The horrors birthed themselves from the quarries. Those who first dug deep into the earth and stone found them sleeping there and woke them, and were driven mad by their hideousness, and then mated with them, and if they did not then die from the shame, brought others back with them. These orgiastic frenzies of worship and lust and annihilation might go on for days or even weeks. It was said by some that their cities were so vast and so unspeakable that they broke the human mind…”
—“A Tale of a Hollow Earth,”
by Garland William Stevens,
originally published in Weird Tales, 1934,
reprinted 2013 in Lost Worlds: The Weird Tales
of Garland William Stevens,
edited by Catherine J. Framer,
published by Gloaming Press
Back in the car, Marisol was still laughing and shaking her head.
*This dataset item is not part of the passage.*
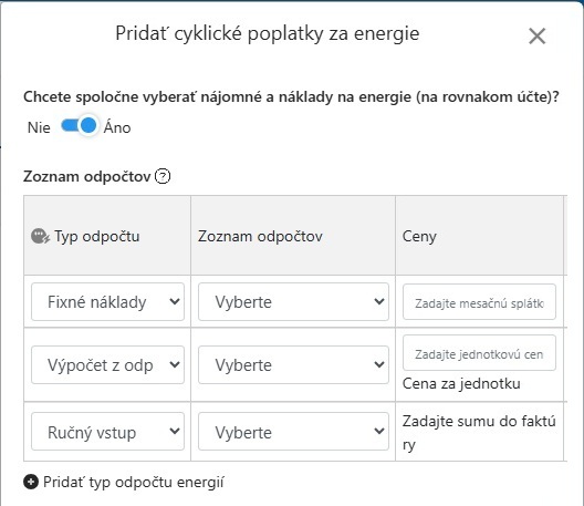 Pre spotrebu elektriny, vody, plynu s potrebou zadať odčítanie každé obdobie.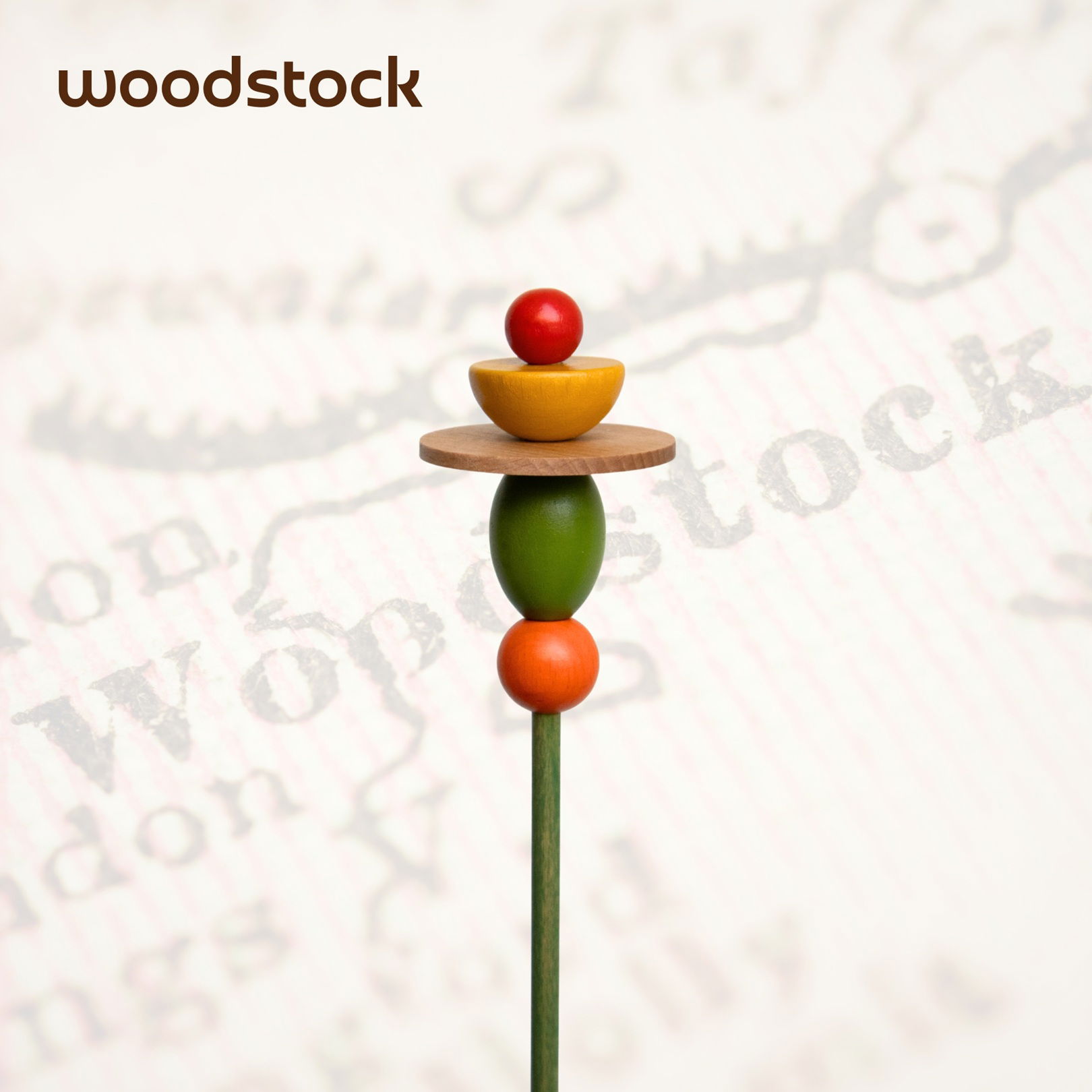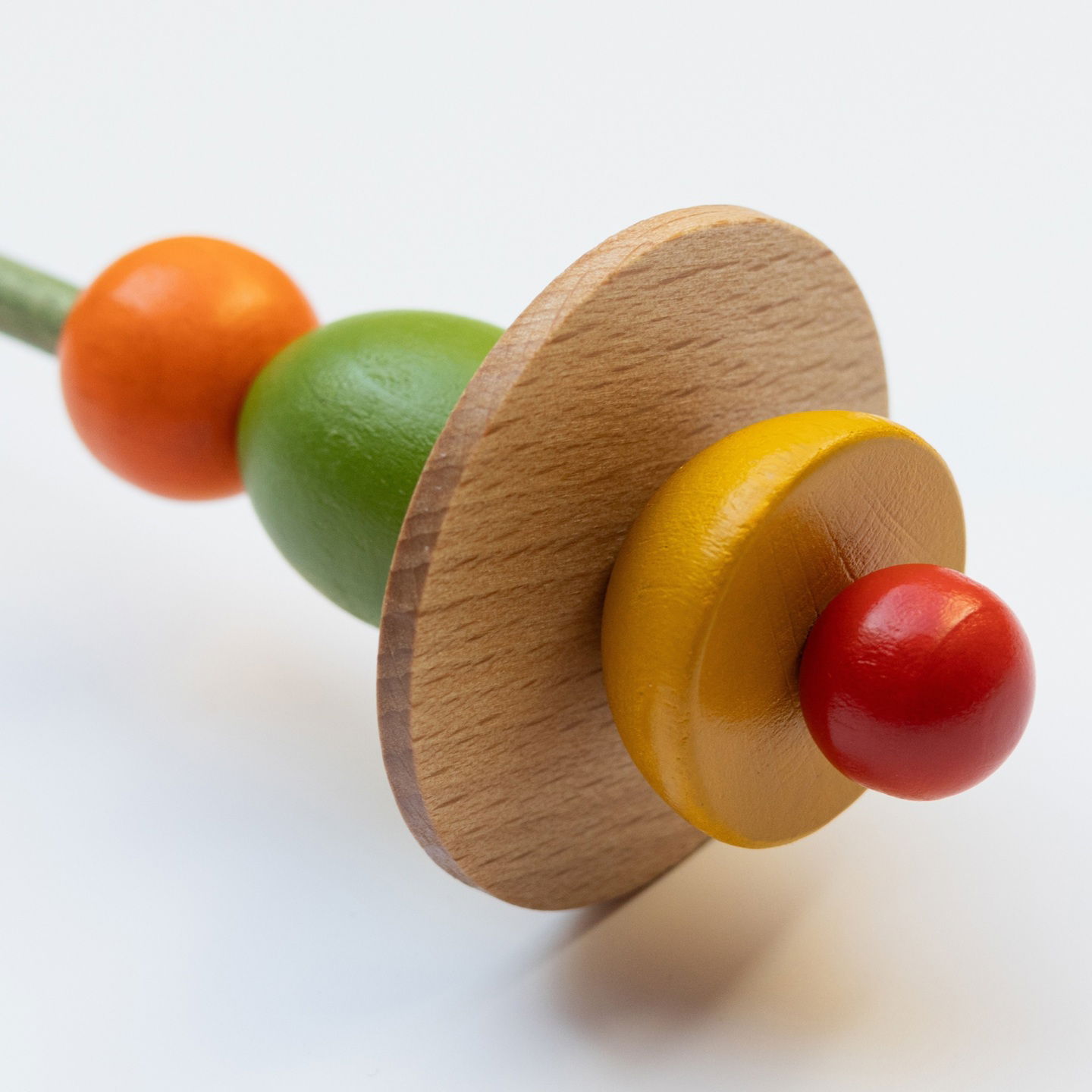 Julie is een samengestelde houten bloem in warme tinten groen, oranje, geel, rood en naturel hout. Een handgemaakt retro-accent dat barst van levenslust en kleur.

Of all the reactions Catherine expected— shock, horror, concern—this was not one of them. “You have been working too hard,” she said.
“I bet when you shut your eyes at night all you see is Stevens’s manuscripts, and now you’re seeing hundred-year-old statues in living men’s faces. Maybe what you need is a live dude for a night or two …”
“I’m serious,” Catherine said for the third time. “Look, you’ll see when we get out there.”
“I’m sorry,” Marisol said. “I’m not making fun of you, I swear. It just sounds crazy. You know what? I bet this dude totally looks like that statue back there. I don’t even know why it cracked me up so much; it just did. You know how those things happen. It’s like when I was a kid, we noticed my brother looked just like the boy on that one commercial— Hey, are you okay to drive?”
Catherine’s hands were shaking. She lay them flat on the steering wheel to still them. “I’m okay,” she said. “I’m just a little freaked out. You know, I’ve been here so many times. I’ve got sketches of that thing—Stevens was intrigued
with stories of it even though he never saw it himself because it was destroyed the same year of his birth, and they didn’t find it till decades after he was dead. That was the thing that was in the back of my mind yesterday, the thing that was bothering me. The caretaker’s—his resemblance. That’s all.”
“Yep,” Marisol said. “Look, I seriously doubt the caretaker is a golem. Or a homunculus. Or whatever it is he would be. I think we can clear that up right here and now.”
“You know what?” Catherine said suddenly. “I don’t think it’s such a good idea after all, us going out there. You were right.”
She could feel Marisol’s incredulous gaze on her without even turning her head.